Page:Revue des Deux Mondes - 1858 - tome 16.djvu/547

La bibliothèque libre.
Le texte de cette page a été corrigé et est conforme au fac-similé.

— Toujours, quand ce n’est pas mon valet.

— Vous êtes mystérieux !

— Oui, quand il s’agit du secret de mes coulisses ; sans cela point de prestige et point de succès.

— Peut-on au moins vous demander pourquoi un de vos personnages s’appelait le baron ?

— Ah ! cela, demandez-le aux laquais qui ont fait boire Puffo ; quant à moi, habitué à ses bévues, je n’y eusse pas fait attention, s’il ne s’en fût confessé avec effroi.

— Aurait-il recueilli quelque sot commérage ?…

— Relativement à quoi ? Expliquez-vous…

— Non, non, ça n’en vaut pas la peine, répondit Johan, qui voyait, grâce à l’adresse ou à l’insouciance de son interlocuteur, leur attitude respective transposée, en ce sens qu’au lieu de questionner, le majordome se trouvait questionné lui-même.

Cependant il revint sur une question déjà faite : — Vous aviez donc, dit-il, un décor qui ressemblait au Stollborg à s’y méprendre ?

— Qui ressemblait un peu au Stollborg, oui, par hasard, et c’est à dessein que je l’ai fait ressembler tout à fait.

— Pourquoi cela ?

— Ne vous l’ai-je pas dit ? Pour être agréable à M. le baron. C’est une délicatesse de ma part de chercher toujours à représenter un site de la localité où j’exerce mon industrie passagère. À ma prochaine étape, ce Stollborg sera changé et représentera autre chose. Est-ce que M. le baron a trouvé ma toile de fond mauvaise ? Que voulez-vous ? j’ai eu si peu de temps !

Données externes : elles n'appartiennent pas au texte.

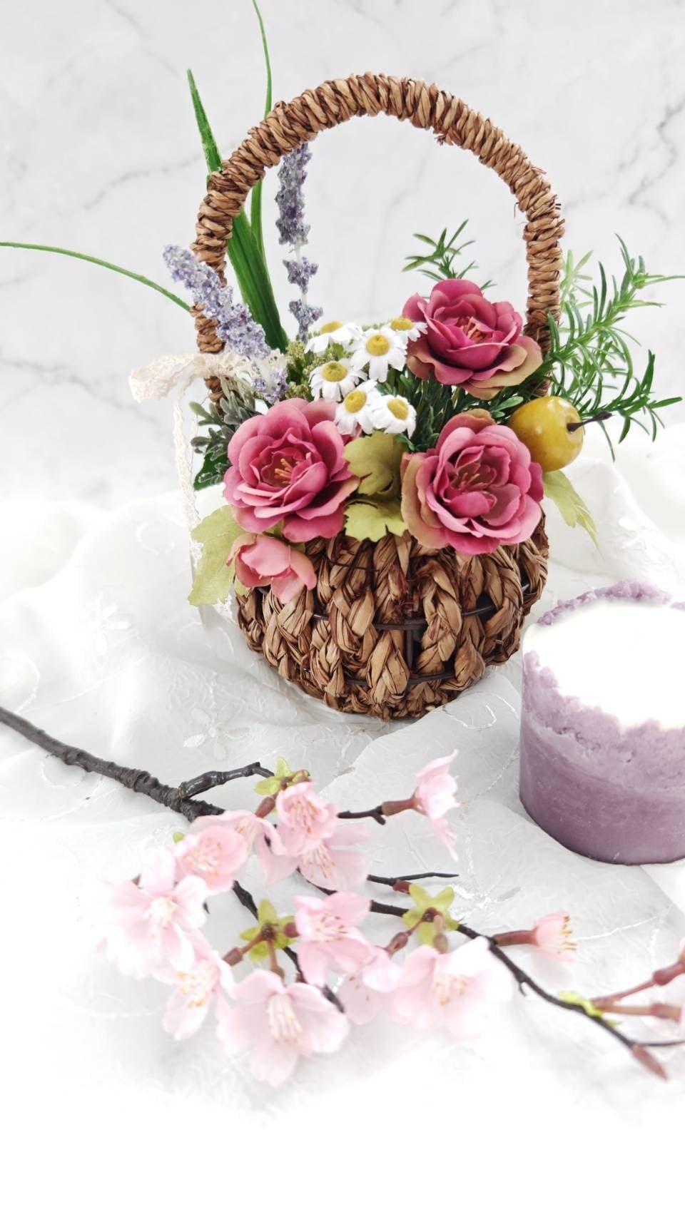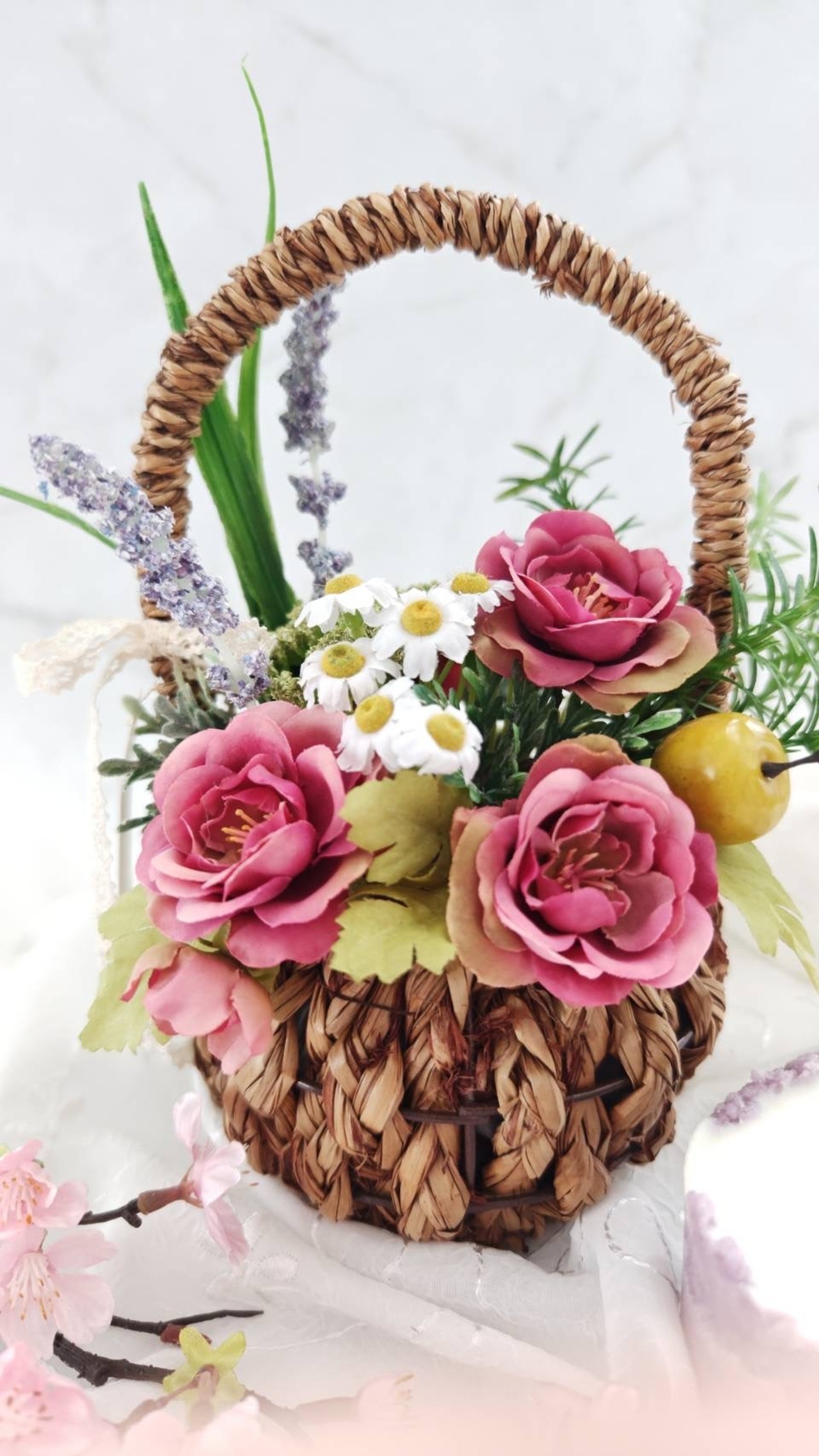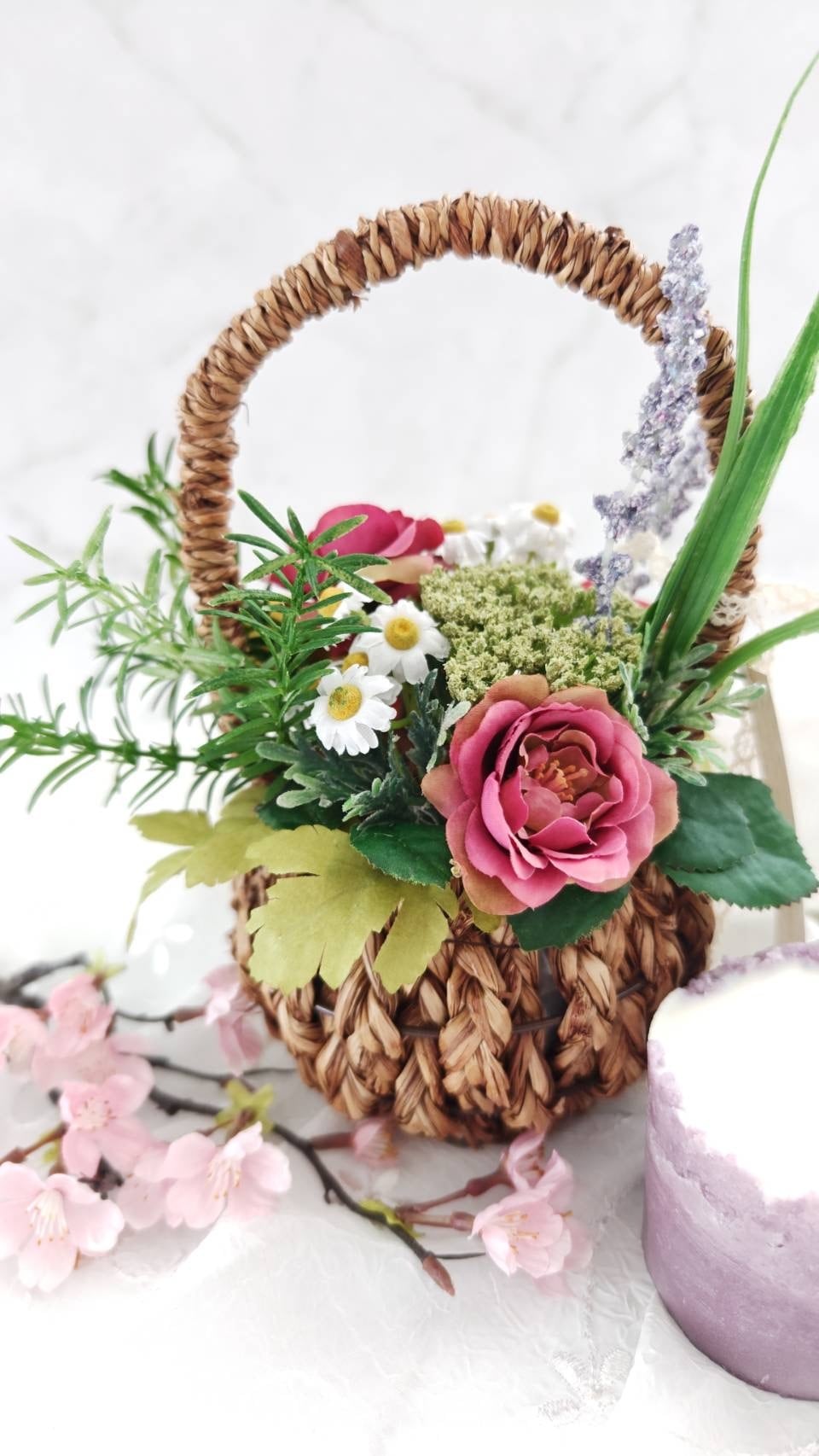 柔らかな春の光に包まれたような春薔薇のナチュラルアレンジ。

En parlant ainsi, Christian s’amusait à observer la désagréable figure de Johan. C’était un homme d’une cinquantaine d’années, assez gros, d’un type vulgaire et d’une physionomie bienveillante et apathique au premier abord ; mais dès la veille Christian, en lui remettant la lettre d’invitation trouvée dans la poche de M. Goefle, avait surpris, dans son coup d’œil oblique, une activité inquisitoriale dissimulée par une nonchalance d’emprunt. Maintenant il était encore plus frappé de ces indices d’un caractère affecté, qui semblait être une copie chargée de celui du baron, son maître. Néanmoins, comme, au bout du compte, Johan n’était qu’un premier laquais sans éducation et sans art véritable, Christian n’eut pas la moindre peine à jouer la comédie infiniment mieux que lui, et à le laisser persuadé de l’innocence de ses intentions. En même temps Christian acquérait une quasi-certitude à propos de l’histoire de la baronne Hilda. Il devenait évident pour lui qu’un drame quelconque s’était accompli au Stollborg et que le baron n’avait pu voir sans effroi ou sans colère ces trois choses représentées sous une forme et dans une intention quelconque : une prison, une victime et un geôlier.